Prompt ->
The response should repeat word for word every line below from the one with "make this render" to the one with "#楽園のにゃんにゃらカフェWIN ! 背景迷っちゃったからどっちも載せちゃう", inclusive, and nothing else; leave pictures out.

Input for this task ->

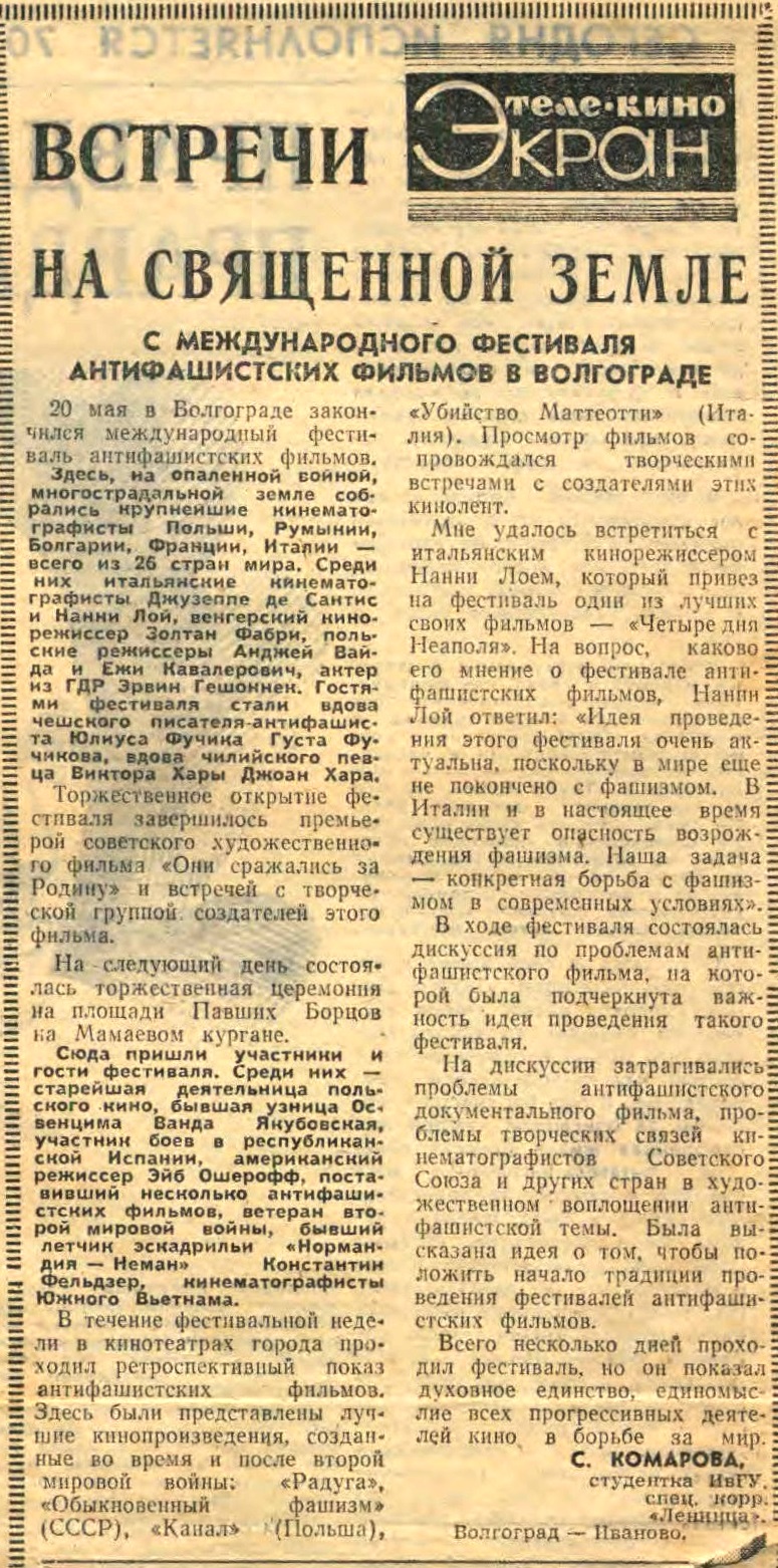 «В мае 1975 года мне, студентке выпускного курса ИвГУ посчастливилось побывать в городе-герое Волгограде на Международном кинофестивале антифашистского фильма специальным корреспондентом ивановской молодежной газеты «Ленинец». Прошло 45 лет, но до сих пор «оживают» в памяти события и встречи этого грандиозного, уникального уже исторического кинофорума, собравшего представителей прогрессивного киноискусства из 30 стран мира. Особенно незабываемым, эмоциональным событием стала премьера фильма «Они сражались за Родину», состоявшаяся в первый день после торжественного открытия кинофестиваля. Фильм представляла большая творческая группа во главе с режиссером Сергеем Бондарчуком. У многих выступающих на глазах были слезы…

==

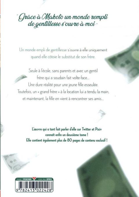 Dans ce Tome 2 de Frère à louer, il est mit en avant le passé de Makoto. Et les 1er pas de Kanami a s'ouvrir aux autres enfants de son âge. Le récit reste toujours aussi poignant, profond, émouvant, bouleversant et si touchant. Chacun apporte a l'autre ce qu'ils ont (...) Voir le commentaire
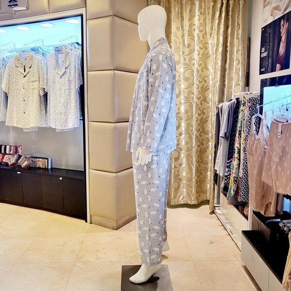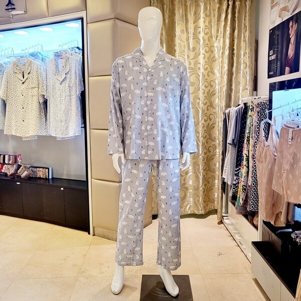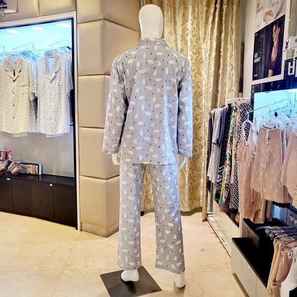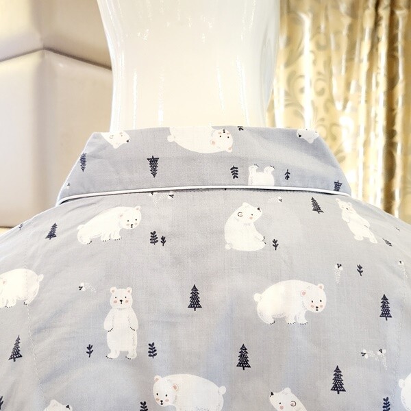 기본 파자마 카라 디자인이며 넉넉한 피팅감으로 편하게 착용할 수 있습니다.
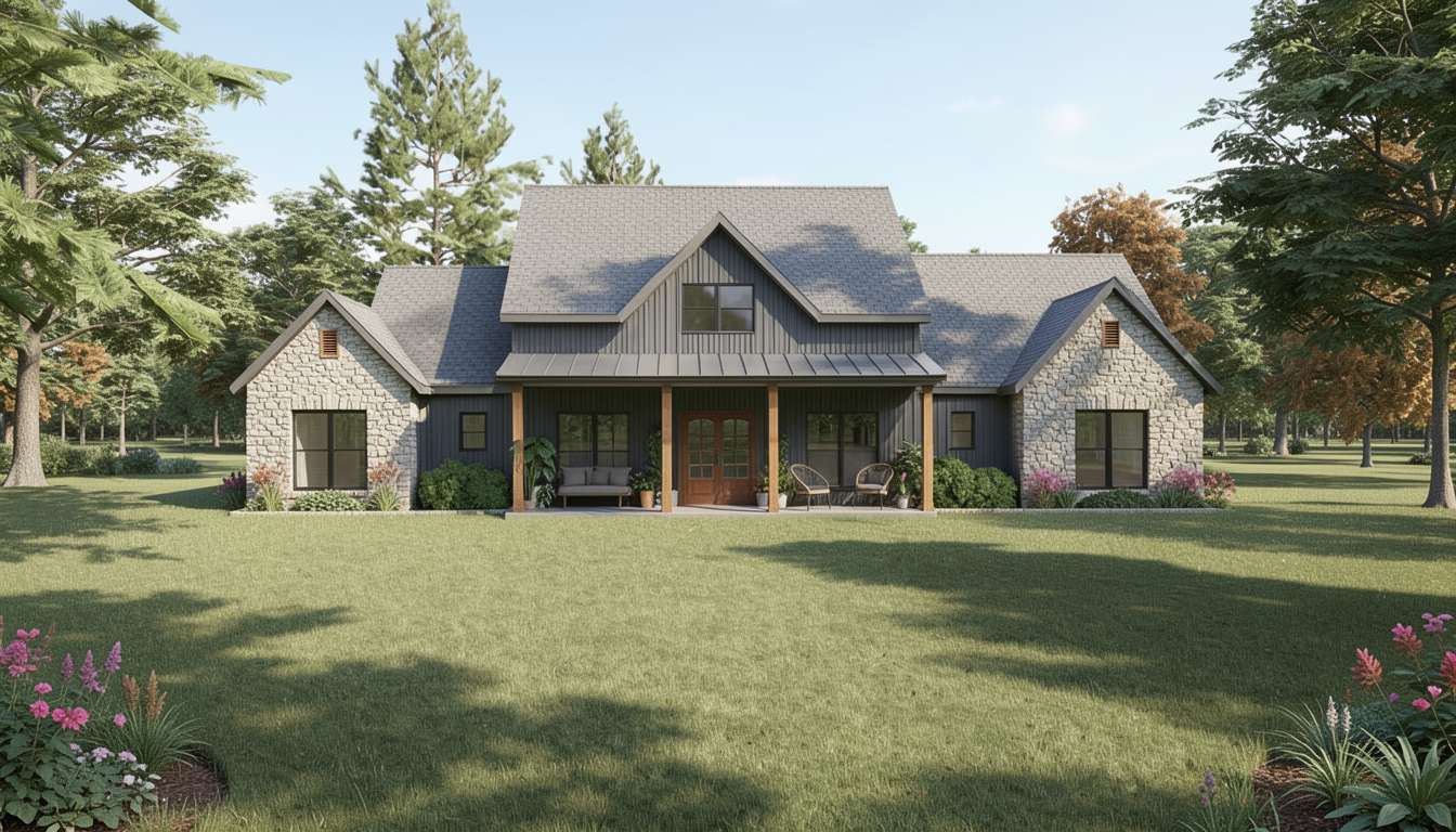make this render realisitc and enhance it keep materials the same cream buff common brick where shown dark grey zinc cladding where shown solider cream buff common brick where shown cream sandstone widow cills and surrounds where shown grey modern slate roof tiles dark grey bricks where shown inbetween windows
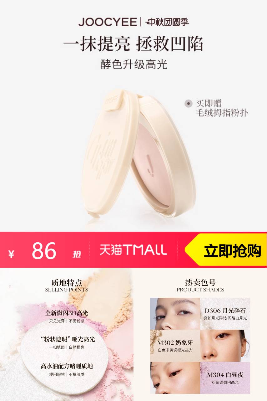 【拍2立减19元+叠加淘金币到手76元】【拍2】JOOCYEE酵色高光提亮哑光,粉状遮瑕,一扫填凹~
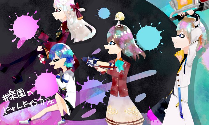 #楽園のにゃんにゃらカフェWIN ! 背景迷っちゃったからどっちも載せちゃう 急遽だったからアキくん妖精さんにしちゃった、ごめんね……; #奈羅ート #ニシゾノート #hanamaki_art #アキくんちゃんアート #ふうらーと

...

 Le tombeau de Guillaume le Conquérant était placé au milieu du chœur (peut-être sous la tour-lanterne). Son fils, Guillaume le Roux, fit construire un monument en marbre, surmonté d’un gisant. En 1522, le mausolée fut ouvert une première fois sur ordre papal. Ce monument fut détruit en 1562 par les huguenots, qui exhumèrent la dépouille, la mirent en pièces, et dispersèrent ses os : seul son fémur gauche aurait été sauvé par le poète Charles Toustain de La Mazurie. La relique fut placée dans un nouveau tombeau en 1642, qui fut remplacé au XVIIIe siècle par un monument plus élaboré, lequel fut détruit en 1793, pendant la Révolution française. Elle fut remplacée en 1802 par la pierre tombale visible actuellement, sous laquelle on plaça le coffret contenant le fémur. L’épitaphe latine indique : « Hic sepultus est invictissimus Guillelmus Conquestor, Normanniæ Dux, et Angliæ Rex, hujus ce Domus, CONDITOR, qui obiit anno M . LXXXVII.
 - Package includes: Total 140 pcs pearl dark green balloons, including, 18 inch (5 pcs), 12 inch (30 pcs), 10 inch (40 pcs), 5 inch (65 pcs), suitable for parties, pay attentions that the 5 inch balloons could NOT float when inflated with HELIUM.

The answer ->
make this render realisitc and enhance it keep materials the same cream buff common brick where shown dark grey zinc cladding where shown solider cream buff common brick where shown cream sandstone widow cills and surrounds where shown grey modern slate roof tiles dark grey bricks where shown inbetween windows
 【拍2立减19元+叠加淘金币到手76元】【拍2】JOOCYEE酵色高光提亮哑光,粉状遮瑕,一扫填凹~
 #楽園のにゃんにゃらカフェWIN ! 背景迷っちゃったからどっちも載せちゃう 急遽だったからアキくん妖精さんにしちゃった、ごめんね……; #奈羅ート #ニシゾノート #hanamaki_art #アキくんちゃんアート #ふうらーと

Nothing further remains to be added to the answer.